Rozhdestvensky Boulevard moves at a different pace from the gridlocked arteries closer to the Kremlin. The tree-lined stretch carries the particular energy of a neighbourhood that has absorbed successive waves of Moscow's restaurant culture without losing its own character. Arriving at Gorynych, the name drawn from the three-headed dragon of Slavic folklore, you encounter a room that takes that mythology seriously without becoming theatrical about it. The atmosphere belongs to the category of deliberate occasion.

A Room Built for Significant Evenings

Moscow's dining culture has long divided between the performative and the purposeful, and the city's most durable addresses tend to sit firmly in the second category. Gorynych reads as the latter. The physical environment signals intent from the start: the kind of space where the evening's pace is managed rather than rushed, where a milestone dinner or a carefully considered celebration feels proportionate to the surroundings. In a city where restaurant openings and closures move at speed, an address that accumulates a Google review base of 4.4 across more than 2,500 reviews is doing something that holds over time, not just on opening night.

That consistency matters when you are choosing where to mark an occasion. A birthday, a professional milestone, or a reunion dinner requires more than a kitchen that performs well once. It requires a room that understands the social contract of special-occasion dining: attentive without being intrusive, confident without condescension.
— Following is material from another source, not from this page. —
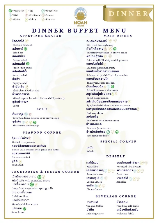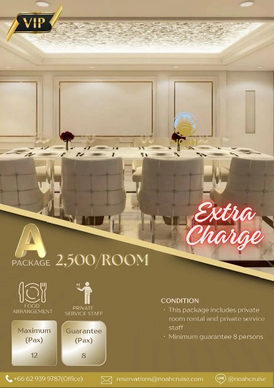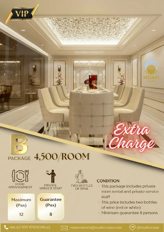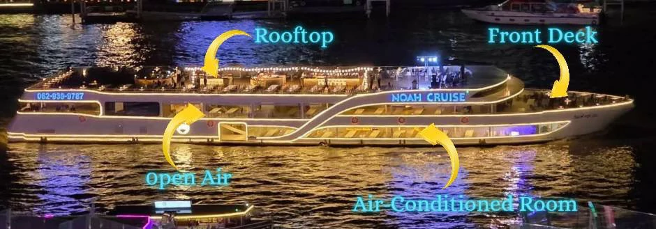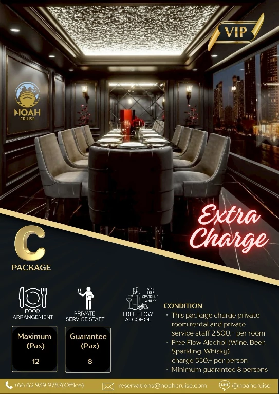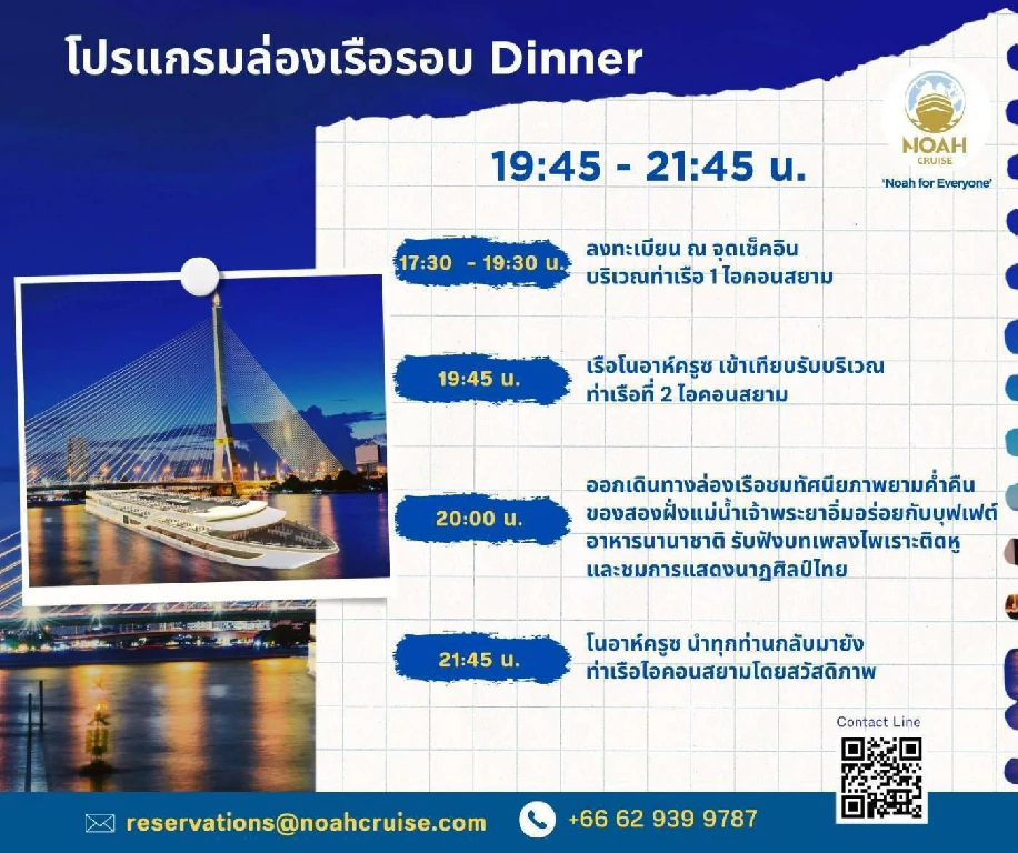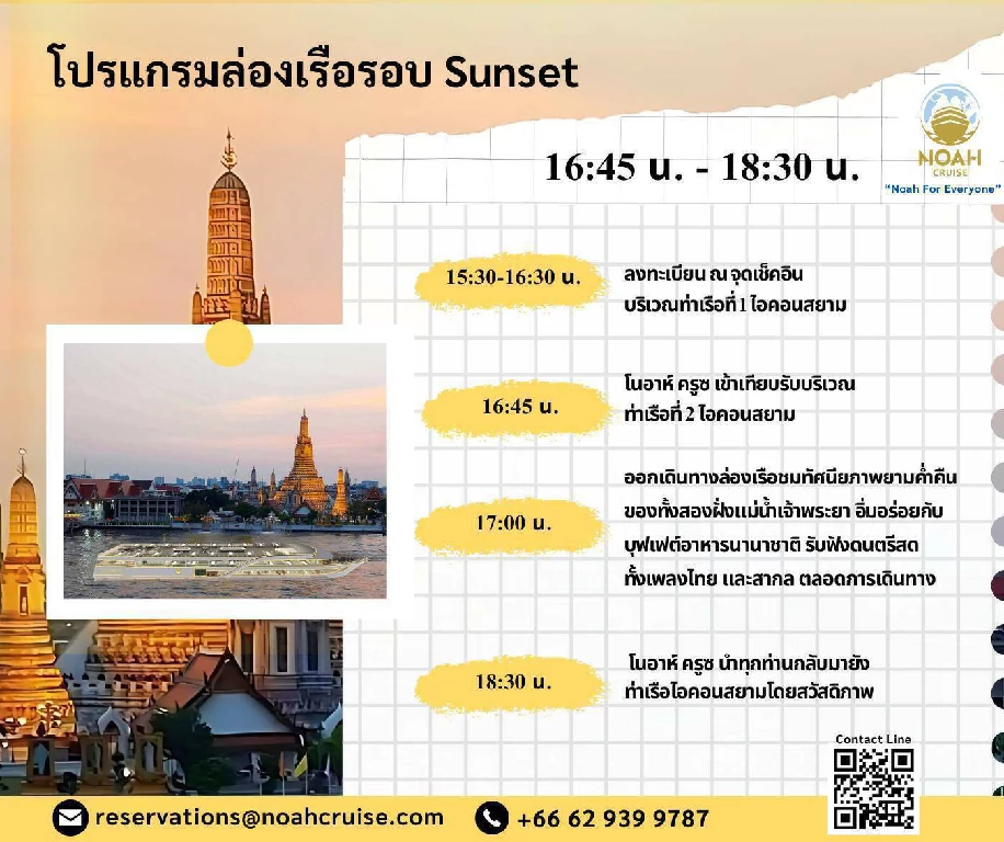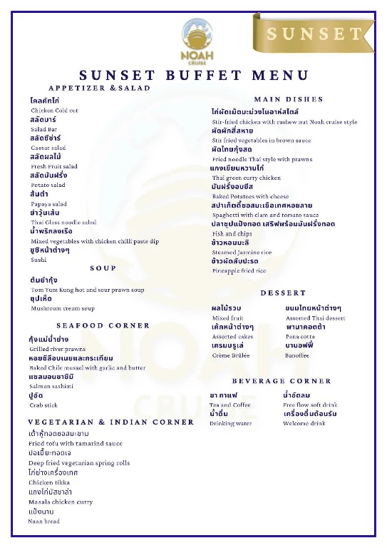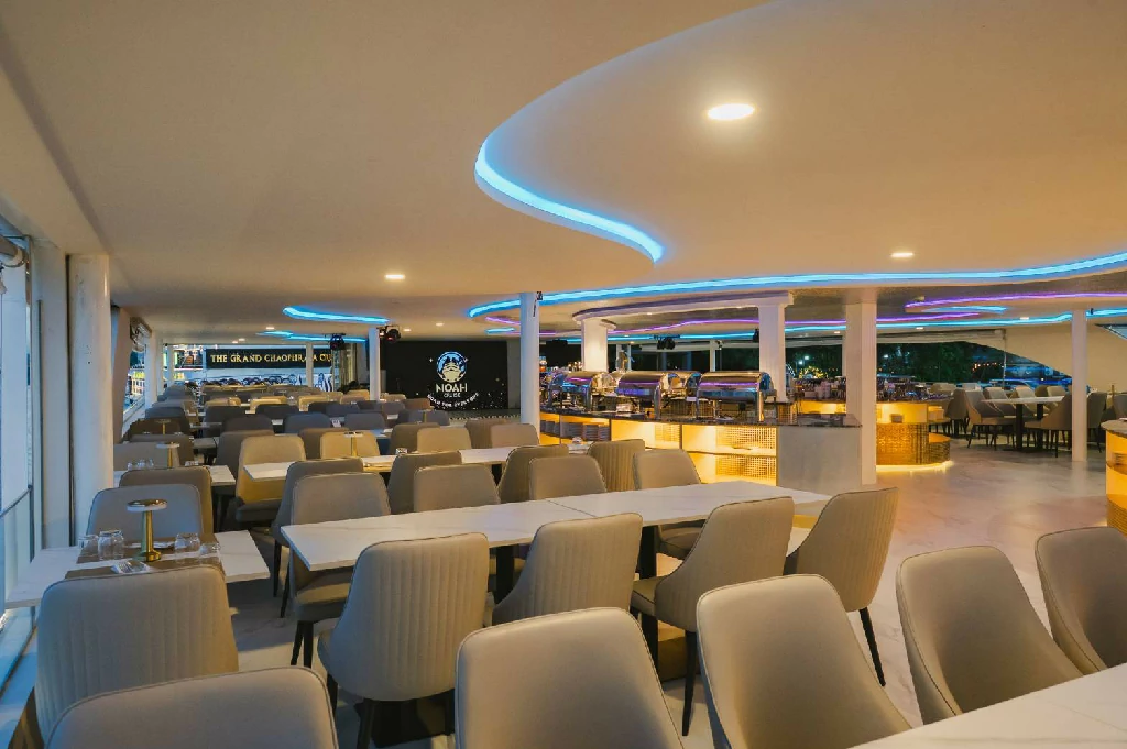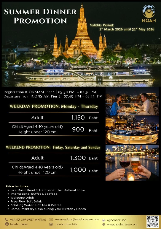 โนอาห์ ครูซ เปิดมิติใหม่ของการล่องเรือดินเนอร์บุฟเฟ่ต์แม่น้ำเจ้าพระยา พร้อมบริการทุกท่านที่ท่าไอคอนสยาม รอบซันเซ็ท และ รอบดินเนอร์ ตลอดการเดินทาง ท่านจะได้สัมผัสกับความงดงามของทัศนียภาพทางสายน้ำ เพลิดเพลินไปกับการรับประทานอาหาร และสนุกสนานไปกับเสียงเพลงไพเราะ

The feedback volume at Gorynych, over 2,500 reviews at that average, suggests the contract is being kept across a wide range of visits and expectations.

Where Gorynych Sits in Moscow's Russian Table

Contemporary Moscow dining has developed a credible tier of restaurants committed to reworking the Russian culinary canon through modern technique and seasonal sourcing. White Rabbit established much of the early vocabulary for this movement; Twins Garden extended it into fermentation and biodynamic produce; Varvary has long anchored the traditionalist end of the spectrum. Gorynych belongs to this broader conversation about what Russian cuisine means when executed at the level where occasion dining expectations apply.

La Liste, the Paris-based global restaurant ranking that aggregates critical and consumer sources, placed Gorynych at 81.5 points in its 2025 edition and 76 points in 2026. The continued presence across both years confirms that the kitchen registers at an international reference level. For diners calibrating their choice against a Moscow comparable set that includes Artest and Chefs Table, La Liste recognition acts as a useful external data point rather than the final word.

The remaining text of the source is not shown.